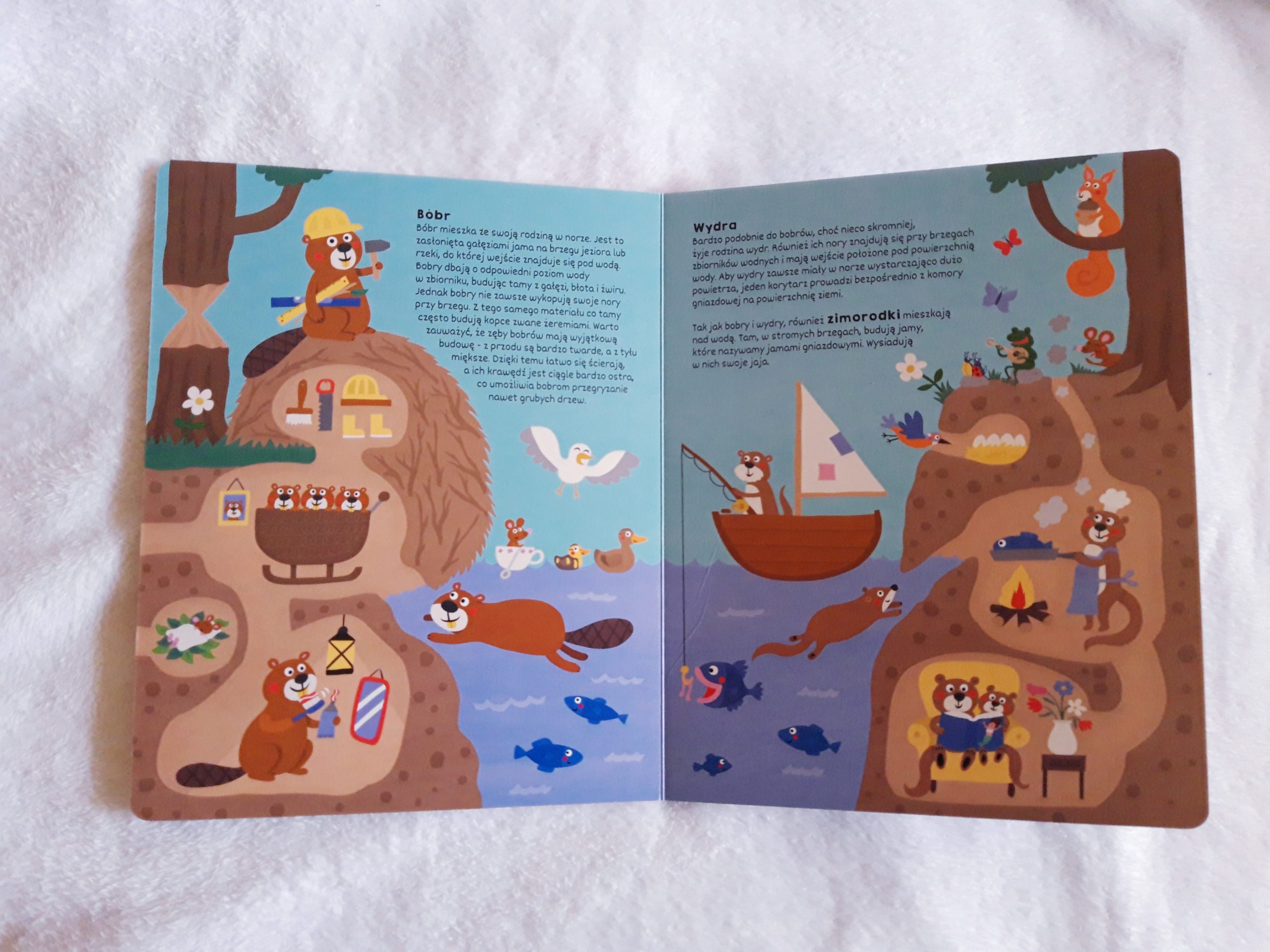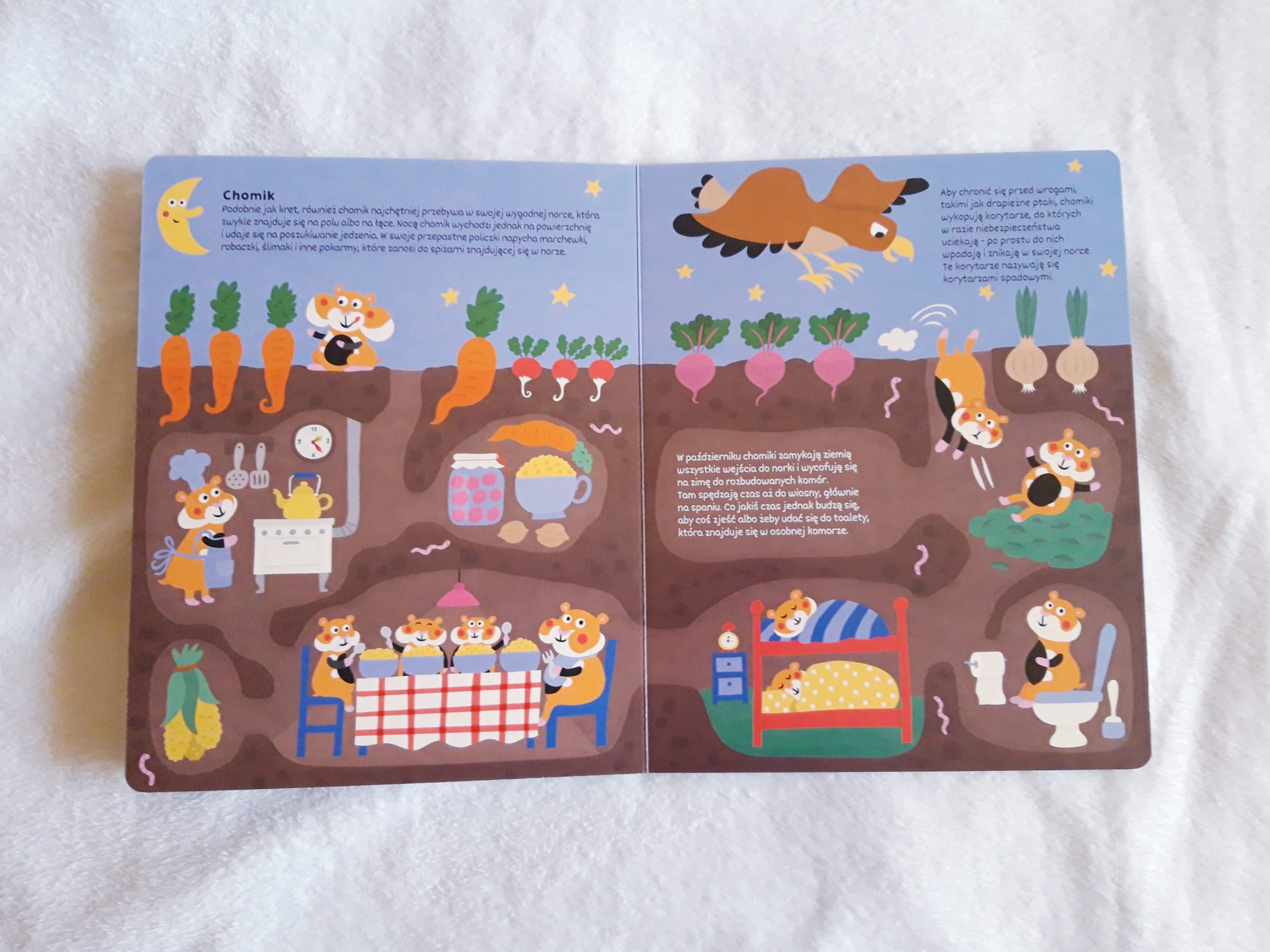 Książka ma format nieco większy niż A4 i ma twarde kartki, dzięki czemu nadaje się również dla maluchów, które z pewnością będą zachwycone kolorowymi ilustracjami pełnymi drobnych elementów i ciekawostek. Znajduje się w niej siedem dużych, podwójnych plansz, na których autorka umieściła przekrojowe ilustracje domów różnorodnych zwierząt. Można tu obejrzeć m.in. norki borsuków, królików, lisów, kretów i chomików. Nie zabrakło również zwierzątek żyjących nad wodą, takich jak bobry i wydry, a także tych pochodzących z gór, czyli świstaków.
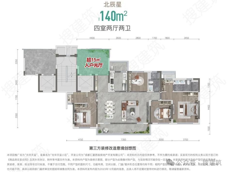 比如,成都汇厦德商·光华天玺建面约99、130、140㎡户型全部设置了入户光厅设计。其中建面约140㎡户型进一步升级功能性与尺度感,达到超15㎡入户光厅,尺度直逼180㎡户型。
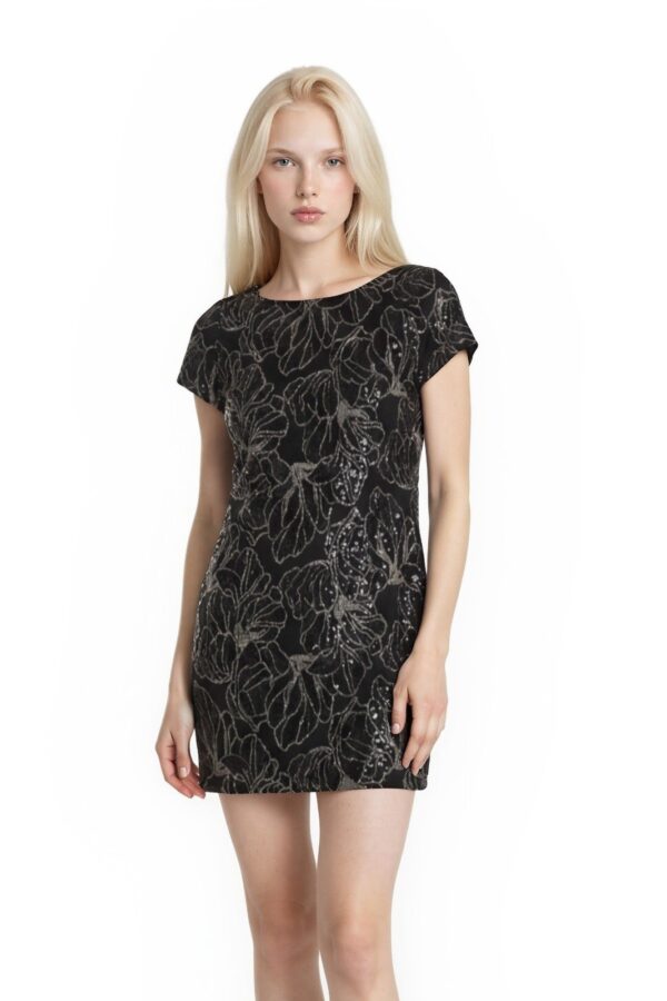 Tahari Arthur S Levine Shift Dress Women's Size 12 Petite 12P Black Silver
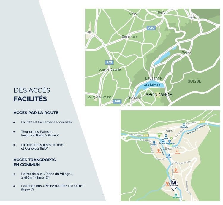 Accès : À 22 min du centre de Genève avec le Léman Express et à 30 min d'Annecy. À proximité immédiate de la nouvelle gare d'Annemasse. Le poste de douane MON IDEE se situe à 800 mètres du projet. Lignes de bus à haut niveau de service (BHNS), tramway, Léman express.
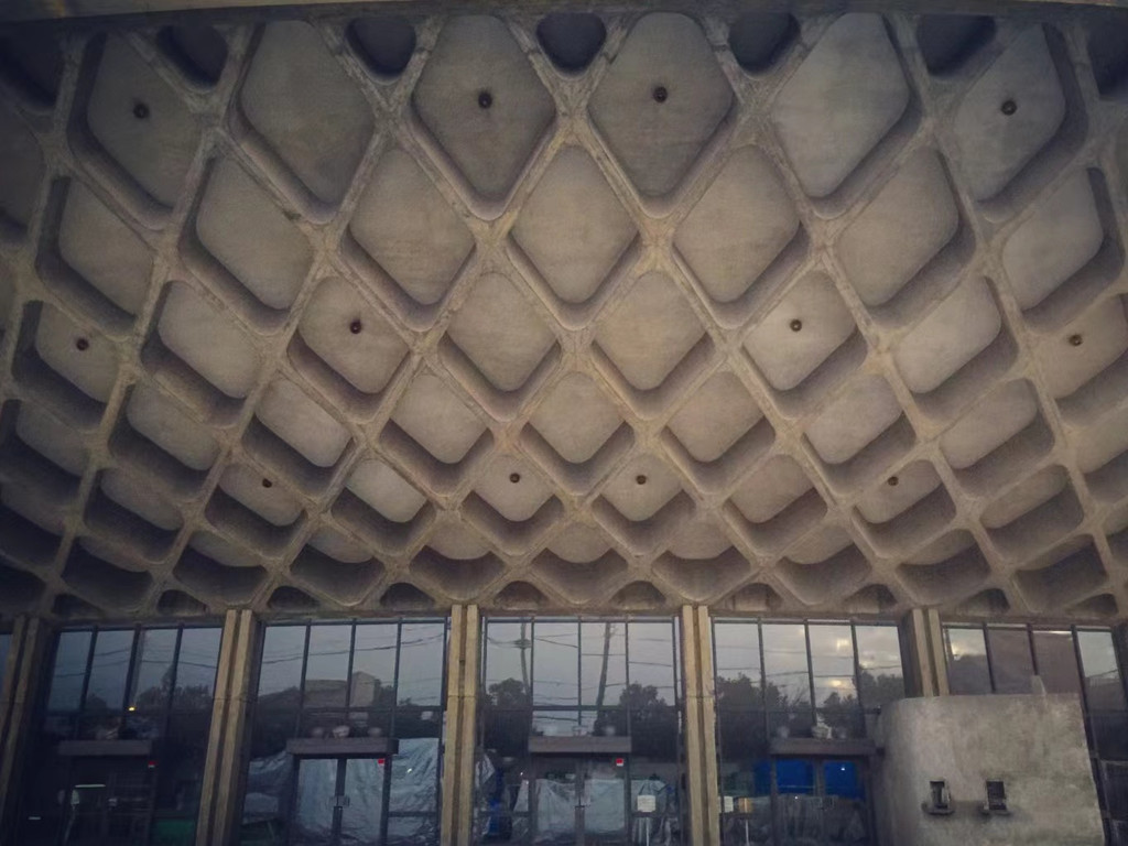 另一座香川县立体育馆是丹下建三载1962—1964年设计的,一起去的小伙伴说这个是参照武士帽子做的,但我怎么都觉的像条鱼。
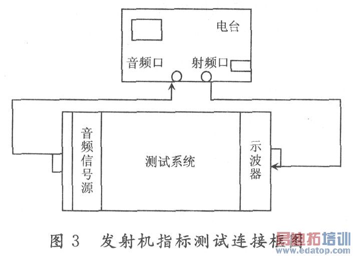 主要有发射机基本性能参数测试及发射机音频响应测试,测试框图如图3所示。
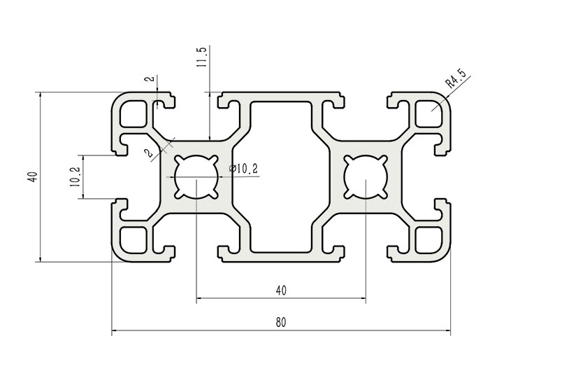 適用于應(yīng)力及強(qiáng)度較大的框架組合結(jié)構(gòu),它的外型采用圓角過渡,表面經(jīng)過陽極氧化處理,高雅美觀并抗腐蝕,它通常采用M8X20高強(qiáng)度專用螺栓加彈性扣件的內(nèi)部連接方式,堅(jiān)固而又可靠,是工業(yè)框架應(yīng)用較為廣泛的型材之一。

-- -- --

EXERCISE AIM: Could you write out verbatim only those lines that run from the line containing "Accès : À 22" through the end of the listing above, both included, without the pictures?

REPLY TO THE EXERCISE:
 Accès : À 22 min du centre de Genève avec le Léman Express et à 30 min d'Annecy. À proximité immédiate de la nouvelle gare d'Annemasse. Le poste de douane MON IDEE se situe à 800 mètres du projet. Lignes de bus à haut niveau de service (BHNS), tramway, Léman express.
 另一座香川县立体育馆是丹下建三载1962—1964年设计的,一起去的小伙伴说这个是参照武士帽子做的,但我怎么都觉的像条鱼。
 主要有发射机基本性能参数测试及发射机音频响应测试,测试框图如图3所示。
 適用于應(yīng)力及強(qiáng)度較大的框架組合結(jié)構(gòu),它的外型采用圓角過渡,表面經(jīng)過陽極氧化處理,高雅美觀并抗腐蝕,它通常采用M8X20高強(qiáng)度專用螺栓加彈性扣件的內(nèi)部連接方式,堅(jiān)固而又可靠,是工業(yè)框架應(yīng)用較為廣泛的型材之一。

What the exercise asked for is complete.